This next image shows a blown up view of the controls that appear when the mouse hovers over the video. I've also hovered over the volume control here to show reveal the volume slider.

Are you a keyboard user?
We have you covered. You can tab to the video element. The controls are not shown but the you can manipulate the video using some intuitive keystrokes such as arrowing left and right to go back and forward, space to toggle play and pause, and up and down arrows to control volume etc. Sighted keyboard users can enjoy uncluttered interaction with the video, while screen reader users can of course enjoy the same interaction regardless of visual clutter.

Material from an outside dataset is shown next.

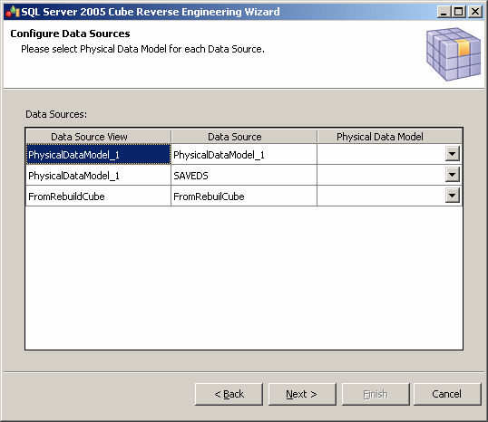 - The Configure Data Sources page lists the data sources that are required to populate the selected cubes. For each source, select the Physical Data Model in which the tables are modeled, and then click Next to continue:
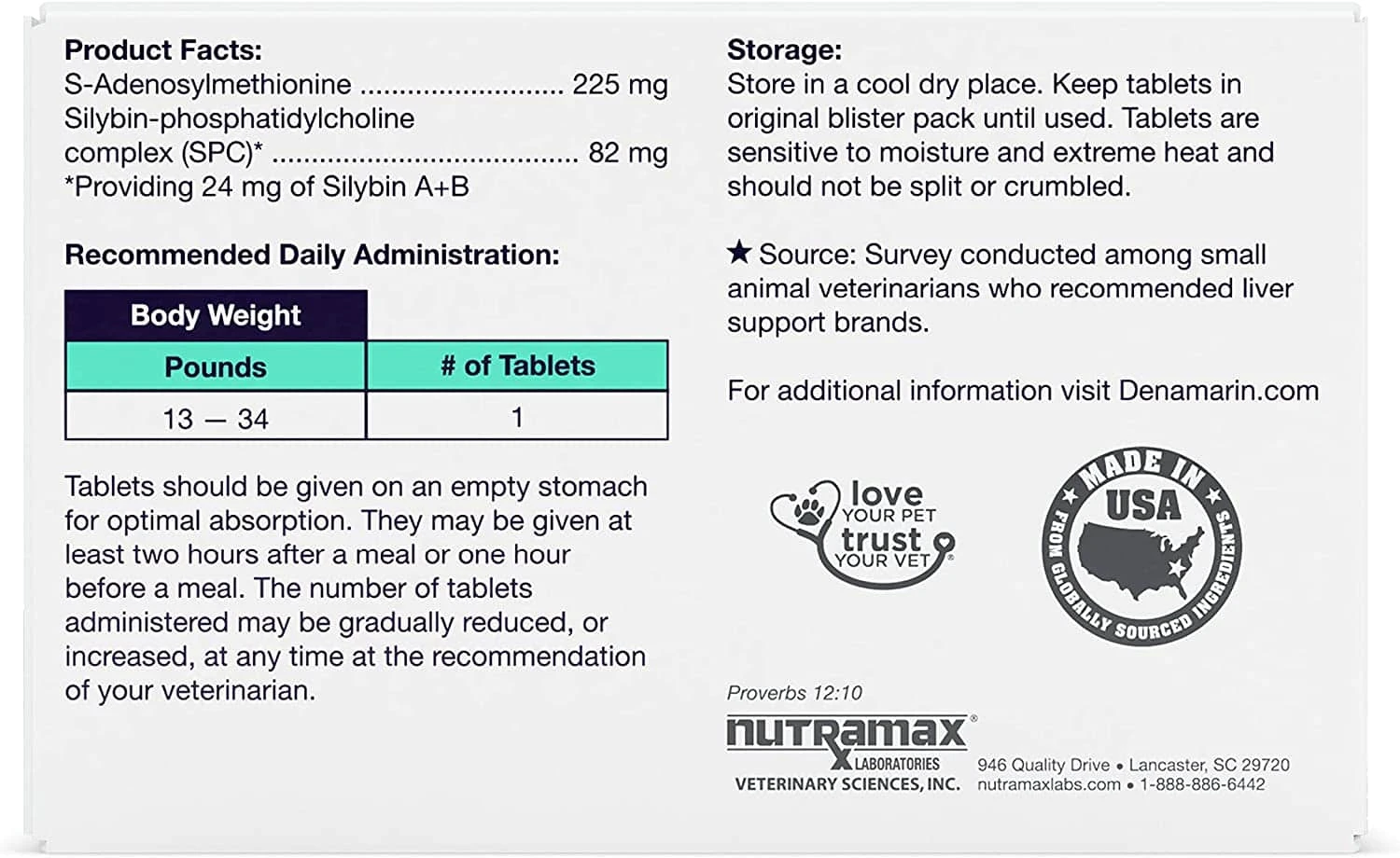 - Denamarin is the #1 veterinarian recommended liver support supplement for dogs. This supplement contains s-adenosylmethionine (SAMe) to help increase levels of the antioxidant glutathione – one of the liver’s main detoxifying agents. The Silybin found in Denamarin has shown better absorption by dogs than the standardized milk thistle extract found in many other products. The liver is one of the most vital organs in your pet and is responsible for removing toxins, storing energy, aiding digestion, and supporting the immune system.

We still have some concerns:
1. Discoverability. Once a user has tabbed to a video, it is difficult to tell that the video has focus and there is nothing indicating that the video is keyboard controllable.
2. Feedback. The feedback after a user action is not as rich as the feedback when using the controls. For example, pressing right arrow to advance the video doesn't tell you how far ahead we went, or where we are in the overall length of the video.
An Idea...
Keep the current functionality but add a secondary keyboard interaction model. Once a user has tabbed to the video element then the video is directly controlled via the existing keystrokes. If the user hits tab again, the controls appear, and the first control is focused. A regular keyboard interaction model ensues for the controls (tab navigation, and per control keyboard manipulation). Tabbing past the last control leaves the video element entirely, moving to the next element in the document tab order.
Pros: Discoverability is solved. Feedback is solved.
Cons: It increases the number of items in the overall document tab order. Additional source code is required.
Thoughts?